What you will do: In the data below, set down exactly the lines from the one containing "PREFER CLASSIC ひな人形" up to and including the one containing "7月4日,在河南省鄧州市國裕金豐種植專業合作社,一輛運糧貨車在過磅。". Leave the pictures out.

Task inputs:
··········
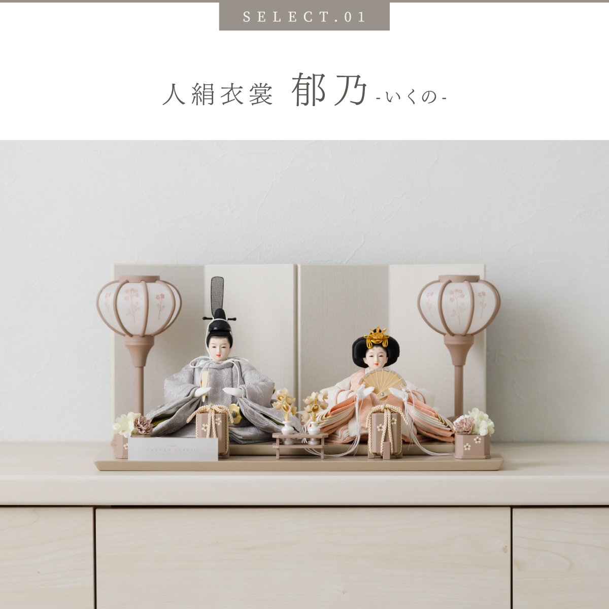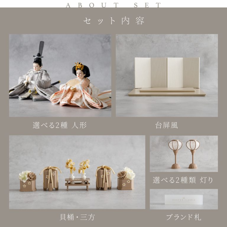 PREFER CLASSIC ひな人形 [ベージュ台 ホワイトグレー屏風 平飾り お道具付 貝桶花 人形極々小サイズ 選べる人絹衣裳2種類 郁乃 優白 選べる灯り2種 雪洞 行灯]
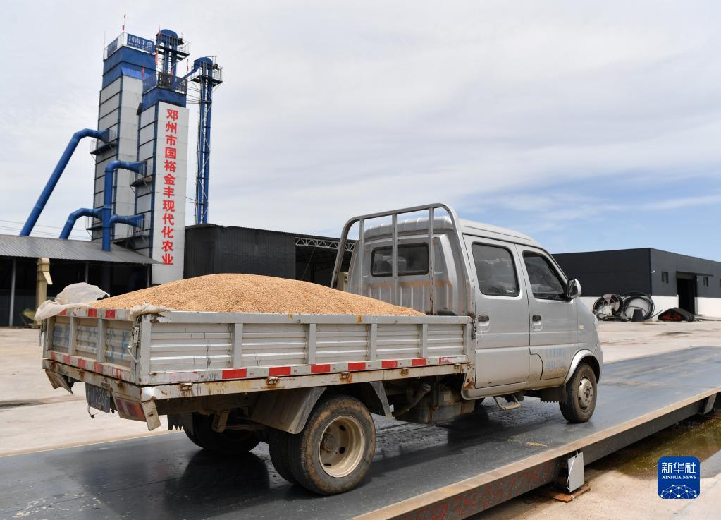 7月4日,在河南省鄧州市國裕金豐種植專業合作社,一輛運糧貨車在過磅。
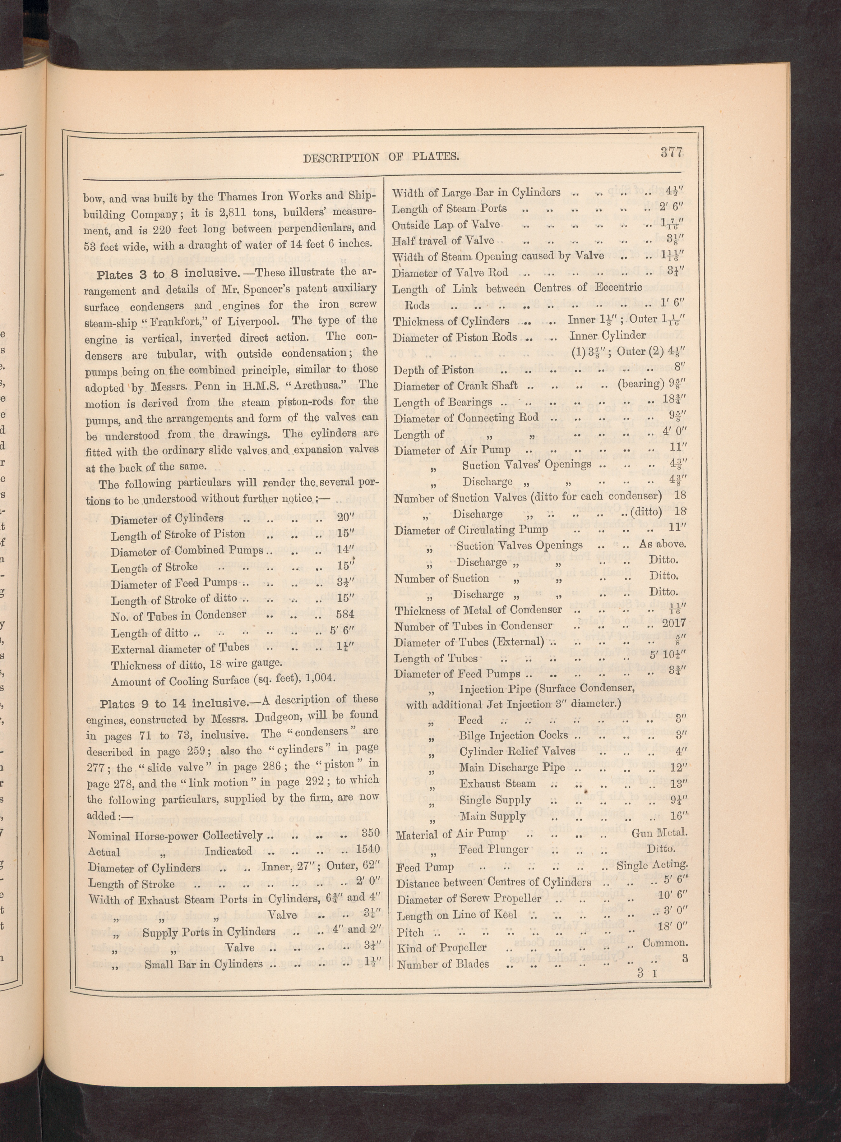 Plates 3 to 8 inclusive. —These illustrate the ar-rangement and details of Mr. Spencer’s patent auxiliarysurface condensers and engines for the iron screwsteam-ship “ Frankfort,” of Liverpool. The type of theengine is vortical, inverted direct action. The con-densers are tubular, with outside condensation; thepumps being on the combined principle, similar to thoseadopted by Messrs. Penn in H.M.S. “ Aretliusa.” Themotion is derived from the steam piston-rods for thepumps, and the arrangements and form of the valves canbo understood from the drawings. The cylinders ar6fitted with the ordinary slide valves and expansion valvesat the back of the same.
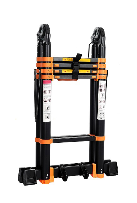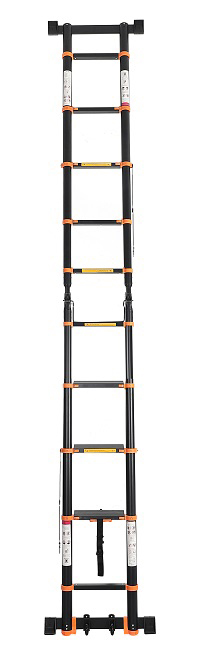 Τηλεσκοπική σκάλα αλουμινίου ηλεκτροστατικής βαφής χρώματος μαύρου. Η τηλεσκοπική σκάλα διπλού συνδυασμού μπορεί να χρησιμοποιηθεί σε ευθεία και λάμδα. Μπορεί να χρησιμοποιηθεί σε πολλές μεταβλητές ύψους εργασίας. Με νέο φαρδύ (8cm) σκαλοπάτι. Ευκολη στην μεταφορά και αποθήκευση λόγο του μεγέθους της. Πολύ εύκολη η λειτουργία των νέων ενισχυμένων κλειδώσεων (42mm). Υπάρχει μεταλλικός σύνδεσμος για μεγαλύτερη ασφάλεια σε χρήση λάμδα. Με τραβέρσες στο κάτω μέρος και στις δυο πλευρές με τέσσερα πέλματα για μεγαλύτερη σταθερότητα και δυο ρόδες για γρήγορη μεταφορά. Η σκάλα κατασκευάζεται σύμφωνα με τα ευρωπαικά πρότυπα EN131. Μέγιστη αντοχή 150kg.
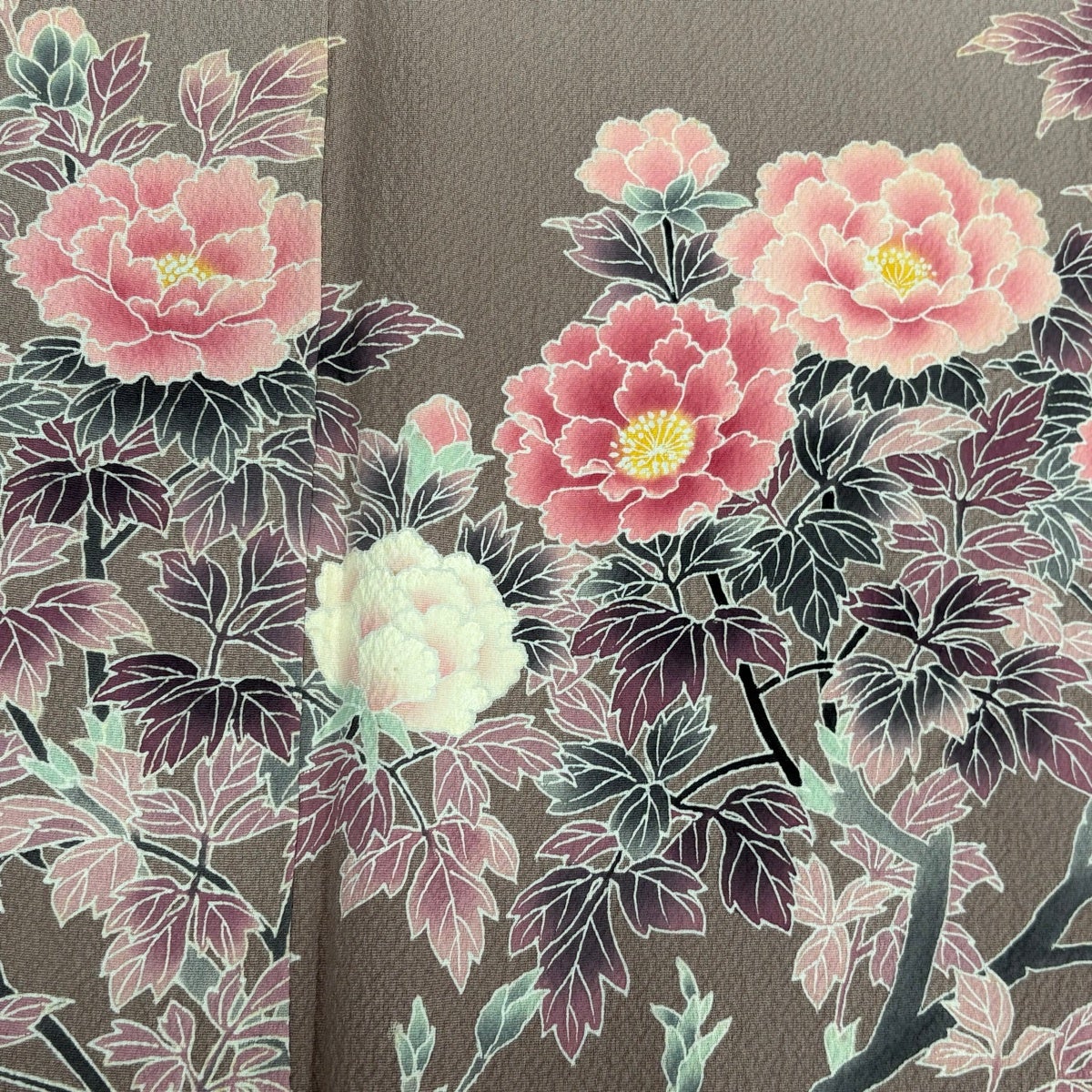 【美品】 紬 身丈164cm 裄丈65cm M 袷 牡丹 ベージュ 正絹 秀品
··········
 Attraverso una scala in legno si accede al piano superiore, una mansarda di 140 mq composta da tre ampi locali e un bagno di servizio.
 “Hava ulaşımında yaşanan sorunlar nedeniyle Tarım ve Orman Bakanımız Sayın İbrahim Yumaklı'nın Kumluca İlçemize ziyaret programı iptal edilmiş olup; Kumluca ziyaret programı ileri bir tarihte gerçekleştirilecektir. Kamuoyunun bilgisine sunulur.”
··········
Response below:
 PREFER CLASSIC ひな人形 [ベージュ台 ホワイトグレー屏風 平飾り お道具付 貝桶花 人形極々小サイズ 選べる人絹衣裳2種類 郁乃 優白 選べる灯り2種 雪洞 行灯]
 7月4日,在河南省鄧州市國裕金豐種植專業合作社,一輛運糧貨車在過磅。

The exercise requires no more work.